[Dataset entries]
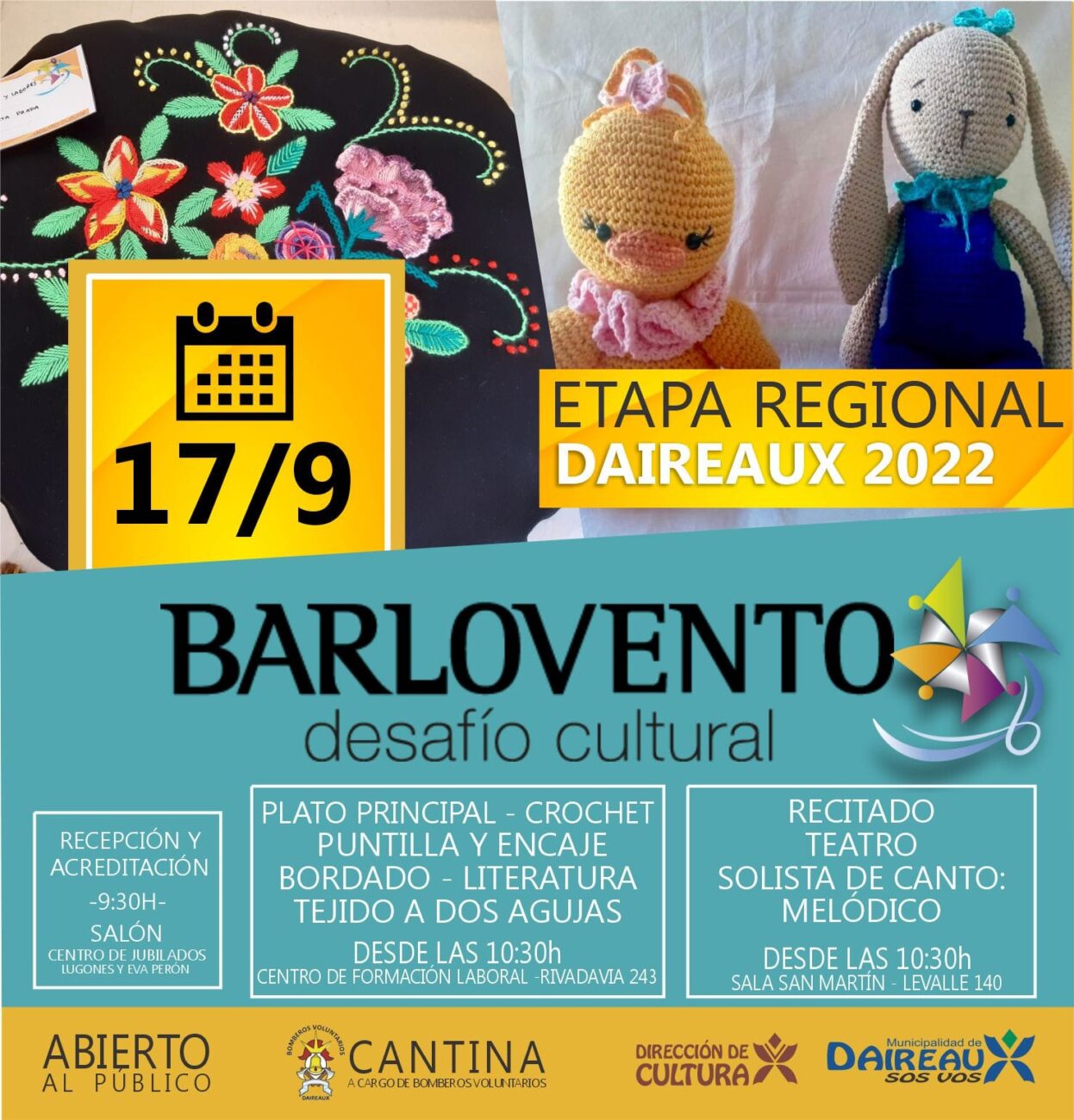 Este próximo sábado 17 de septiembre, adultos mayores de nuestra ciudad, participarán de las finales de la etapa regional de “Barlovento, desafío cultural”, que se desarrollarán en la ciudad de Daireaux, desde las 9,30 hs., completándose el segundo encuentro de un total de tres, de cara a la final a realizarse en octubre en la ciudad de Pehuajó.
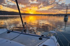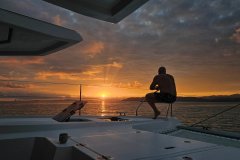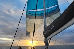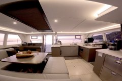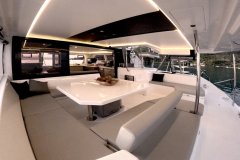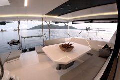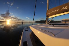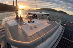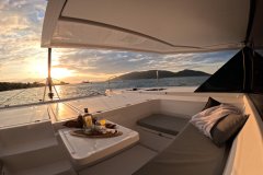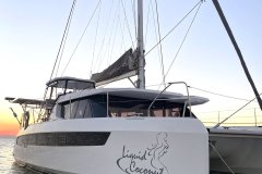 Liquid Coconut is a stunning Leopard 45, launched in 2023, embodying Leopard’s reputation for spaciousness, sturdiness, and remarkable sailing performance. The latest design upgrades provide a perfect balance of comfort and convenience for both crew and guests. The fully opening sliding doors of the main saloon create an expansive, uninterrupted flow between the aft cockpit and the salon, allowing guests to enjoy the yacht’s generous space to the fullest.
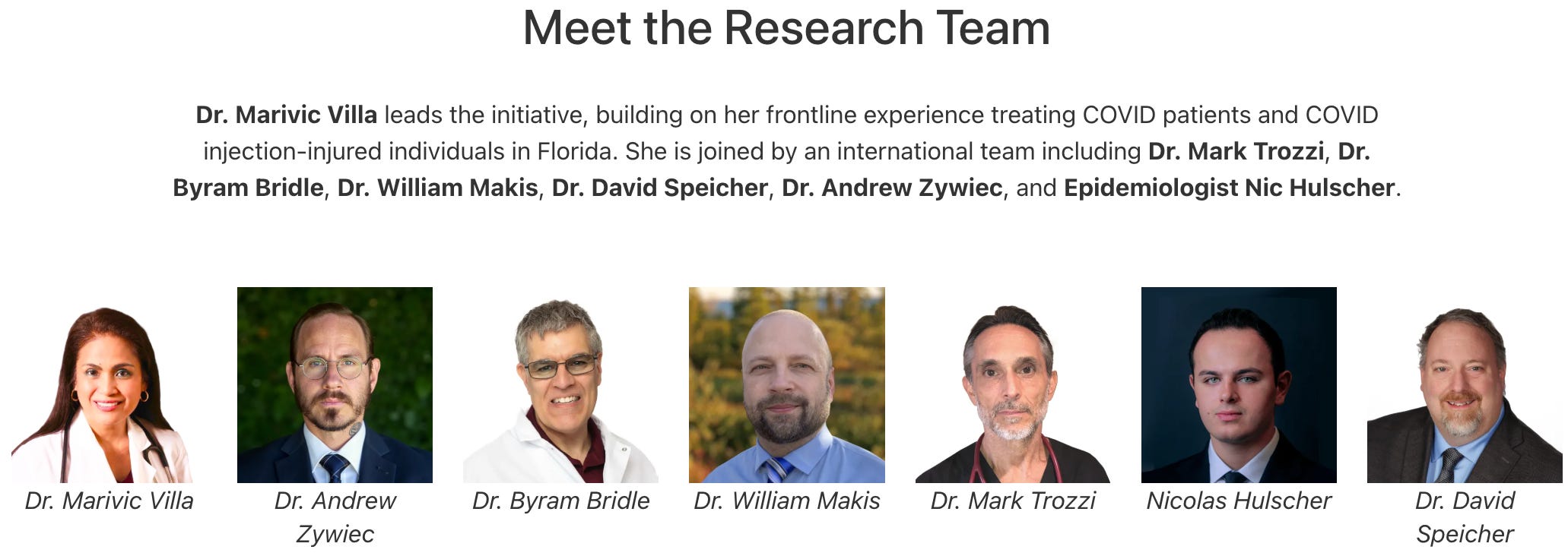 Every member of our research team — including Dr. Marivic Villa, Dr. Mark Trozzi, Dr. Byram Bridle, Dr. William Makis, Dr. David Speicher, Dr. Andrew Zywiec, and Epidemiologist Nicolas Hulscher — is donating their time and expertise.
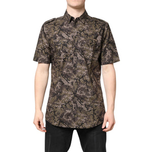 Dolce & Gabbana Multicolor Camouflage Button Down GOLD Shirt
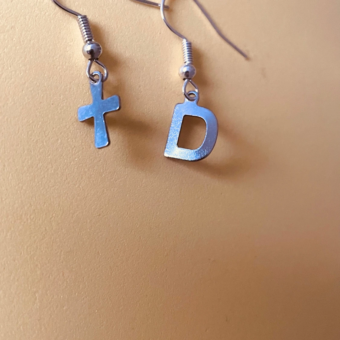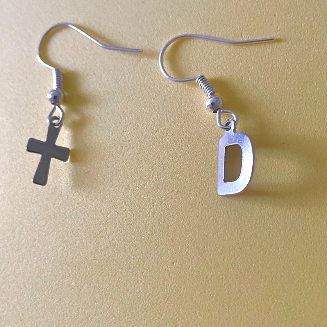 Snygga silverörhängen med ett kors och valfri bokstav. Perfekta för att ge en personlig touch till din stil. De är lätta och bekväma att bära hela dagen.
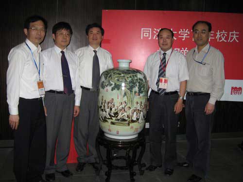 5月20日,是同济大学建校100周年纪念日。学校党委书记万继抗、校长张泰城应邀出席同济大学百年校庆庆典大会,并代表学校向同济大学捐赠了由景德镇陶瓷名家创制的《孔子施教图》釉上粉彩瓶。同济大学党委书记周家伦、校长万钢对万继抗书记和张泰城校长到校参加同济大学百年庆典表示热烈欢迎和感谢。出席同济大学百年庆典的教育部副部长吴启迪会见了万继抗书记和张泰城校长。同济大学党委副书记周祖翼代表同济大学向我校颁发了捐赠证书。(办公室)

▶ **YOUR INSTRUCTIONS**: Reproduce exactly, and only, the lines that begin at the one containing "Snygga silverörhängen med" and end with the final line of the data, both included, while omitting every picture.

▶ **PROBLEM SOLUTION**:
 Snygga silverörhängen med ett kors och valfri bokstav. Perfekta för att ge en personlig touch till din stil. De är lätta och bekväma att bära hela dagen.
 5月20日,是同济大学建校100周年纪念日。学校党委书记万继抗、校长张泰城应邀出席同济大学百年校庆庆典大会,并代表学校向同济大学捐赠了由景德镇陶瓷名家创制的《孔子施教图》釉上粉彩瓶。同济大学党委书记周家伦、校长万钢对万继抗书记和张泰城校长到校参加同济大学百年庆典表示热烈欢迎和感谢。出席同济大学百年庆典的教育部副部长吴启迪会见了万继抗书记和张泰城校长。同济大学党委副书记周祖翼代表同济大学向我校颁发了捐赠证书。(办公室)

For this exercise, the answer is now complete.